## Data extract
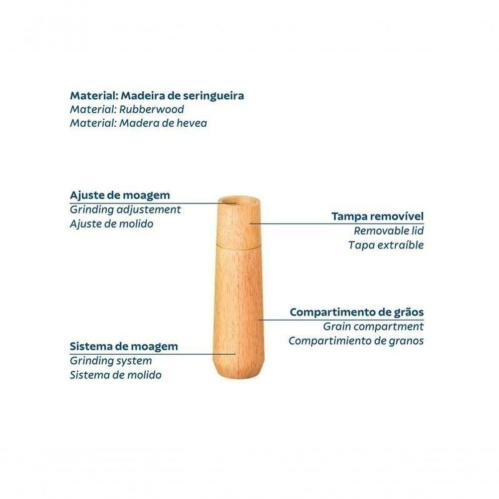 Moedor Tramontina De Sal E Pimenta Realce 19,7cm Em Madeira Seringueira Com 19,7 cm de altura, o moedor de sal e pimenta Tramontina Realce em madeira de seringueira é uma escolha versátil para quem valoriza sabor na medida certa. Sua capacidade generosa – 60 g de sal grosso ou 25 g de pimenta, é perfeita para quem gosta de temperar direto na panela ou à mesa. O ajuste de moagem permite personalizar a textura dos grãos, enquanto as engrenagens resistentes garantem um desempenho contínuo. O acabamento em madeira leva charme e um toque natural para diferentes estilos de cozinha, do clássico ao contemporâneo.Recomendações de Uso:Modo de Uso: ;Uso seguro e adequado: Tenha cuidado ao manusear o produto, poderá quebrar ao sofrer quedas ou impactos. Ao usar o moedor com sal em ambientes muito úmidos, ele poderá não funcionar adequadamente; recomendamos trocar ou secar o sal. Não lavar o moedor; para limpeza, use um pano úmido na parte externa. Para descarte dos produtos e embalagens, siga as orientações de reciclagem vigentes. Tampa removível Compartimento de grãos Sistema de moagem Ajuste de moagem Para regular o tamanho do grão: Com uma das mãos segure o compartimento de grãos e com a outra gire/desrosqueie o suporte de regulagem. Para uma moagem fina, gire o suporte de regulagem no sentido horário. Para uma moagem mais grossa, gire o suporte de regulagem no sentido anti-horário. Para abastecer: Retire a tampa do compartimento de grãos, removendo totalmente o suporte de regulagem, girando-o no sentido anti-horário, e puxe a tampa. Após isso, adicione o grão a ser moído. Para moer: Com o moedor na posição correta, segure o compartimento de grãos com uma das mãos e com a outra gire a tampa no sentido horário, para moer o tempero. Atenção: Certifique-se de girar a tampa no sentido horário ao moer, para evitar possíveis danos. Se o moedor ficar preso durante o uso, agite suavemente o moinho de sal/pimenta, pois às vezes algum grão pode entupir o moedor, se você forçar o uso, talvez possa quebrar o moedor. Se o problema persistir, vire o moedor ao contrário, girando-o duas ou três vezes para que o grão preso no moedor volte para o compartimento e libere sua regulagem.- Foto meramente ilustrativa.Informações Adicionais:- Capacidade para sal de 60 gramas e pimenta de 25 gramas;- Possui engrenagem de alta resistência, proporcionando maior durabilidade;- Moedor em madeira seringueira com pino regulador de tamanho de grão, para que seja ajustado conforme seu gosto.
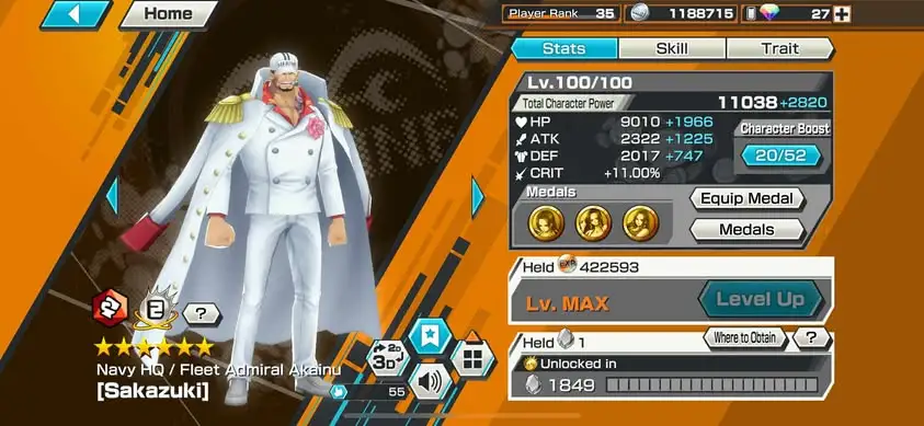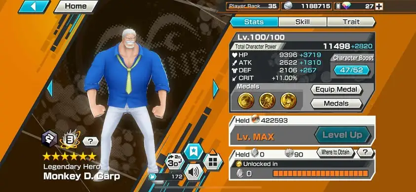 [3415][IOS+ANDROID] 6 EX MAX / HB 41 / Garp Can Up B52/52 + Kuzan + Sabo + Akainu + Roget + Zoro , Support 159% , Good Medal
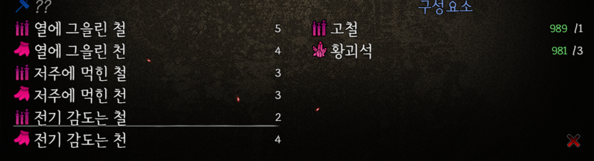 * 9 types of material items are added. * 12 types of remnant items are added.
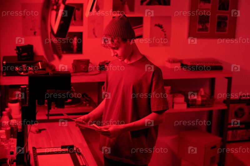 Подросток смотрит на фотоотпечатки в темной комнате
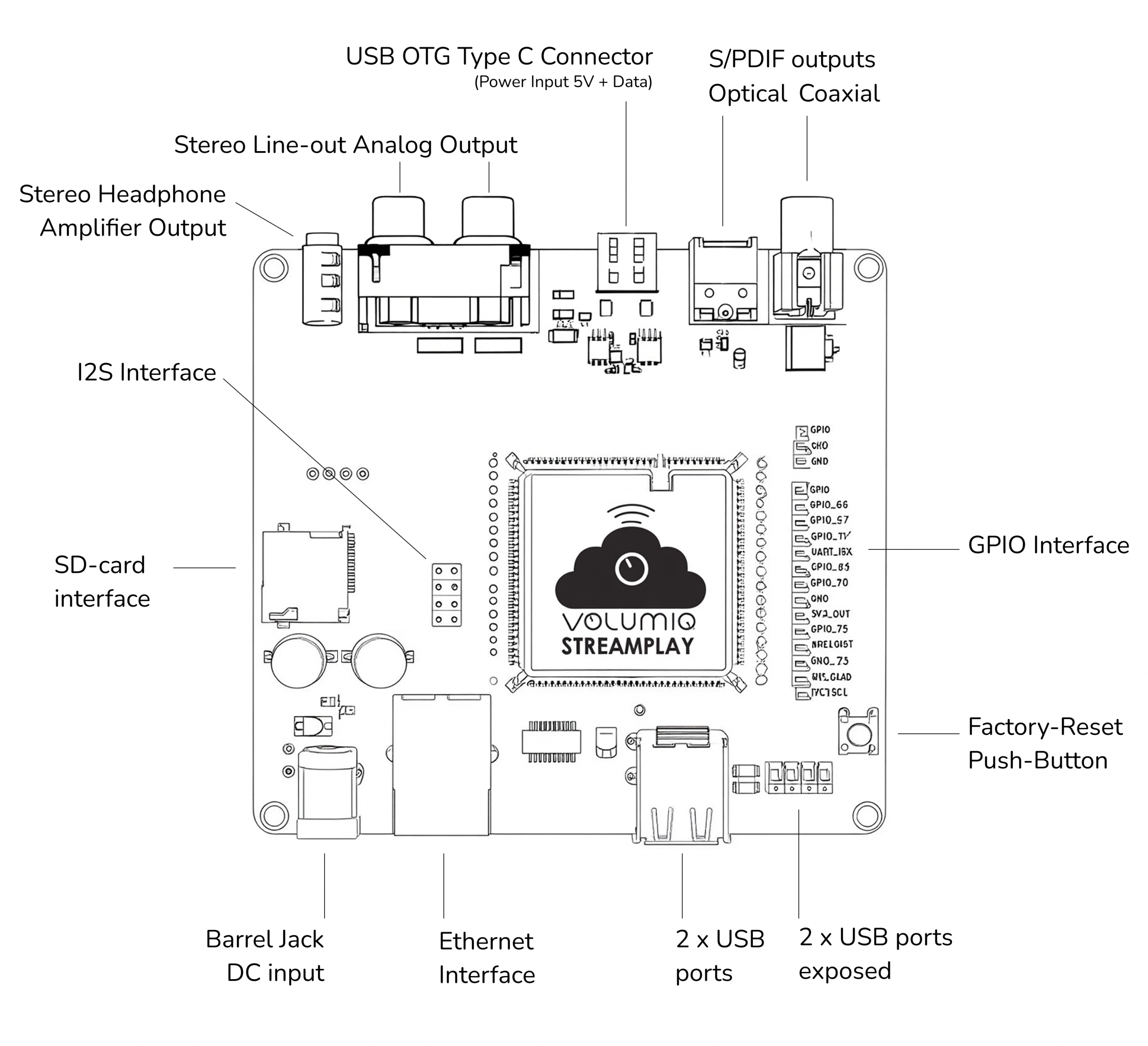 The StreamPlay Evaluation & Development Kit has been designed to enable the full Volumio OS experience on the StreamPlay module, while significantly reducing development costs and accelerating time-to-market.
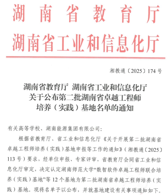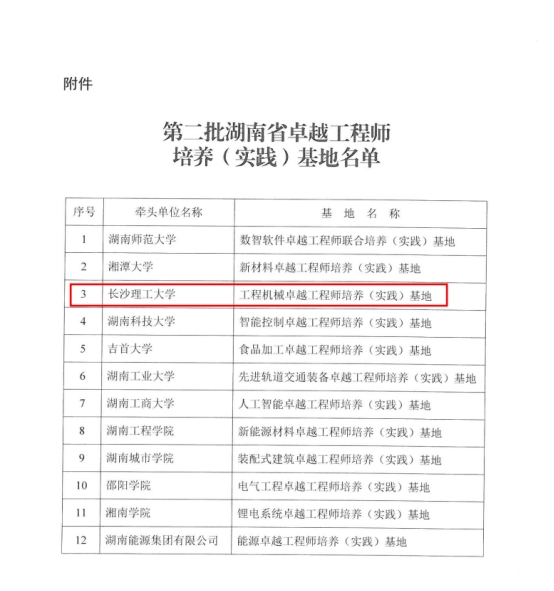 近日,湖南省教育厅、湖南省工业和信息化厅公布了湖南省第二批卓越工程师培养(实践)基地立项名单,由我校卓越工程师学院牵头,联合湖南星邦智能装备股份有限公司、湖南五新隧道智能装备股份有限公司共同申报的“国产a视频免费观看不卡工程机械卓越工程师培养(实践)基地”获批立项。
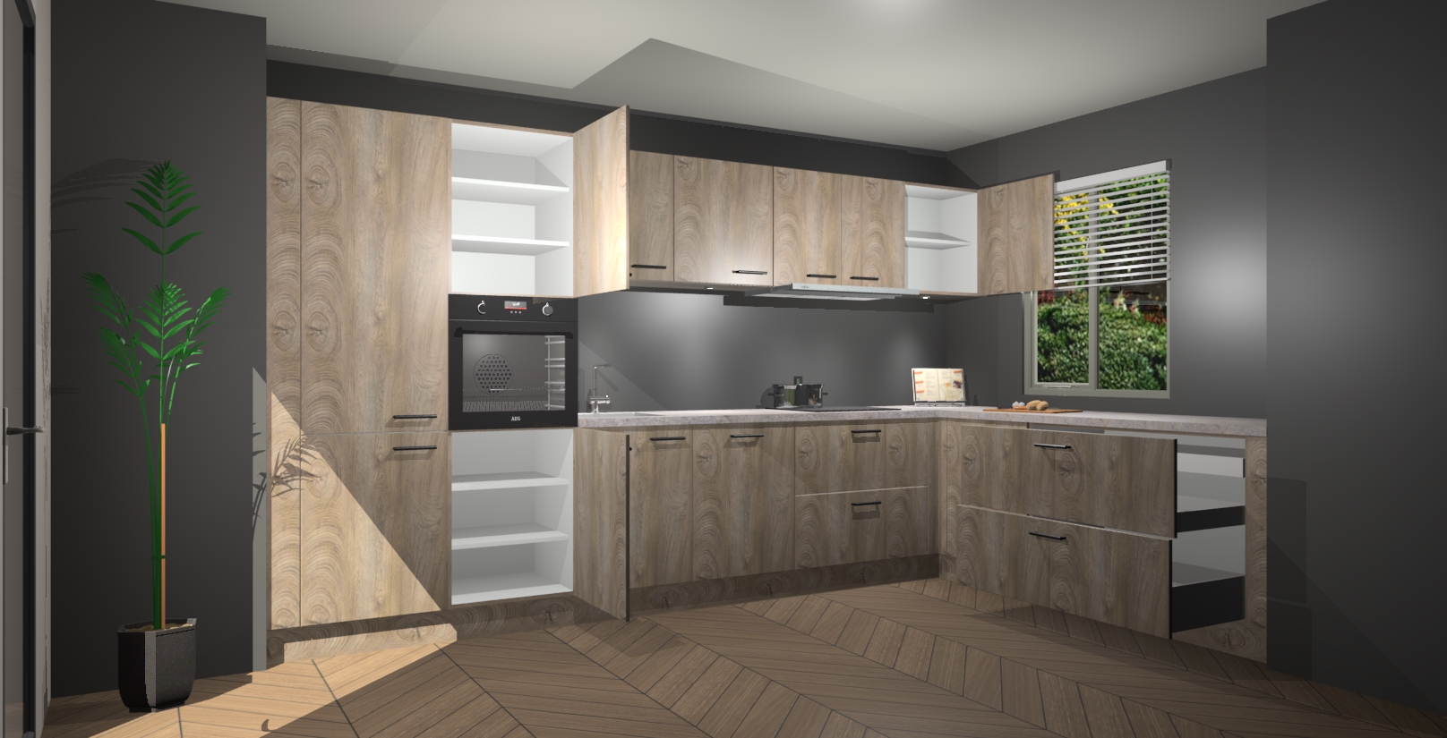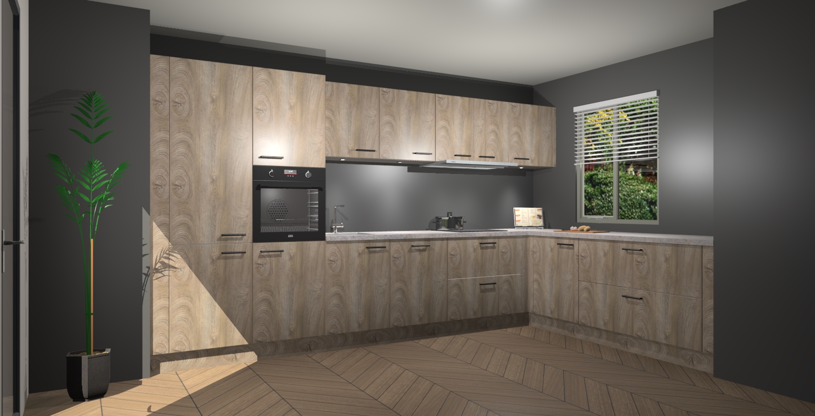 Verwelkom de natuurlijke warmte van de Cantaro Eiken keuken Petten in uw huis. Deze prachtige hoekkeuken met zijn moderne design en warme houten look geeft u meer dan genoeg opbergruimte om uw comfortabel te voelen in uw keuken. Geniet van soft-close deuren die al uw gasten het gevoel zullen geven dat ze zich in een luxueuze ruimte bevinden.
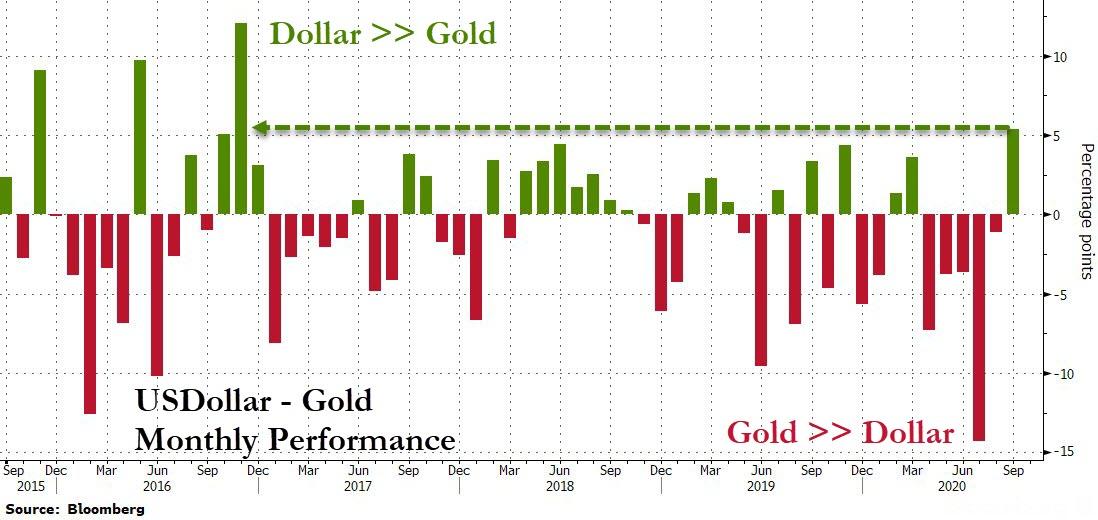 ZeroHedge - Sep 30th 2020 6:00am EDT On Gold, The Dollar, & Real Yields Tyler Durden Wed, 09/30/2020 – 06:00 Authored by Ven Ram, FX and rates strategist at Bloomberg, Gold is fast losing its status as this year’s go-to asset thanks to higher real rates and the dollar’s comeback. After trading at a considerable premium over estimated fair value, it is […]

## What you have to do
Copy all the data exactly as written, but skip any picture.

## Result below
 Moedor Tramontina De Sal E Pimenta Realce 19,7cm Em Madeira Seringueira Com 19,7 cm de altura, o moedor de sal e pimenta Tramontina Realce em madeira de seringueira é uma escolha versátil para quem valoriza sabor na medida certa. Sua capacidade generosa – 60 g de sal grosso ou 25 g de pimenta, é perfeita para quem gosta de temperar direto na panela ou à mesa. O ajuste de moagem permite personalizar a textura dos grãos, enquanto as engrenagens resistentes garantem um desempenho contínuo. O acabamento em madeira leva charme e um toque natural para diferentes estilos de cozinha, do clássico ao contemporâneo.Recomendações de Uso:Modo de Uso: ;Uso seguro e adequado: Tenha cuidado ao manusear o produto, poderá quebrar ao sofrer quedas ou impactos. Ao usar o moedor com sal em ambientes muito úmidos, ele poderá não funcionar adequadamente; recomendamos trocar ou secar o sal. Não lavar o moedor; para limpeza, use um pano úmido na parte externa. Para descarte dos produtos e embalagens, siga as orientações de reciclagem vigentes. Tampa removível Compartimento de grãos Sistema de moagem Ajuste de moagem Para regular o tamanho do grão: Com uma das mãos segure o compartimento de grãos e com a outra gire/desrosqueie o suporte de regulagem. Para uma moagem fina, gire o suporte de regulagem no sentido horário. Para uma moagem mais grossa, gire o suporte de regulagem no sentido anti-horário. Para abastecer: Retire a tampa do compartimento de grãos, removendo totalmente o suporte de regulagem, girando-o no sentido anti-horário, e puxe a tampa. Após isso, adicione o grão a ser moído. Para moer: Com o moedor na posição correta, segure o compartimento de grãos com uma das mãos e com a outra gire a tampa no sentido horário, para moer o tempero. Atenção: Certifique-se de girar a tampa no sentido horário ao moer, para evitar possíveis danos. Se o moedor ficar preso durante o uso, agite suavemente o moinho de sal/pimenta, pois às vezes algum grão pode entupir o moedor, se você forçar o uso, talvez possa quebrar o moedor. Se o problema persistir, vire o moedor ao contrário, girando-o duas ou três vezes para que o grão preso no moedor volte para o compartimento e libere sua regulagem.- Foto meramente ilustrativa.Informações Adicionais:- Capacidade para sal de 60 gramas e pimenta de 25 gramas;- Possui engrenagem de alta resistência, proporcionando maior durabilidade;- Moedor em madeira seringueira com pino regulador de tamanho de grão, para que seja ajustado conforme seu gosto.
 [3415][IOS+ANDROID] 6 EX MAX / HB 41 / Garp Can Up B52/52 + Kuzan + Sabo + Akainu + Roget + Zoro , Support 159% , Good Medal
 * 9 types of material items are added. * 12 types of remnant items are added.
 Подросток смотрит на фотоотпечатки в темной комнате
 The StreamPlay Evaluation & Development Kit has been designed to enable the full Volumio OS experience on the StreamPlay module, while significantly reducing development costs and accelerating time-to-market.
 近日,湖南省教育厅、湖南省工业和信息化厅公布了湖南省第二批卓越工程师培养(实践)基地立项名单,由我校卓越工程师学院牵头,联合湖南星邦智能装备股份有限公司、湖南五新隧道智能装备股份有限公司共同申报的“国产a视频免费观看不卡工程机械卓越工程师培养(实践)基地”获批立项。
 Verwelkom de natuurlijke warmte van de Cantaro Eiken keuken Petten in uw huis. Deze prachtige hoekkeuken met zijn moderne design en warme houten look geeft u meer dan genoeg opbergruimte om uw comfortabel te voelen in uw keuken. Geniet van soft-close deuren die al uw gasten het gevoel zullen geven dat ze zich in een luxueuze ruimte bevinden.
 ZeroHedge - Sep 30th 2020 6:00am EDT On Gold, The Dollar, & Real Yields Tyler Durden Wed, 09/30/2020 – 06:00 Authored by Ven Ram, FX and rates strategist at Bloomberg, Gold is fast losing its status as this year’s go-to asset thanks to higher real rates and the dollar’s comeback. After trading at a considerable premium over estimated fair value, it is […]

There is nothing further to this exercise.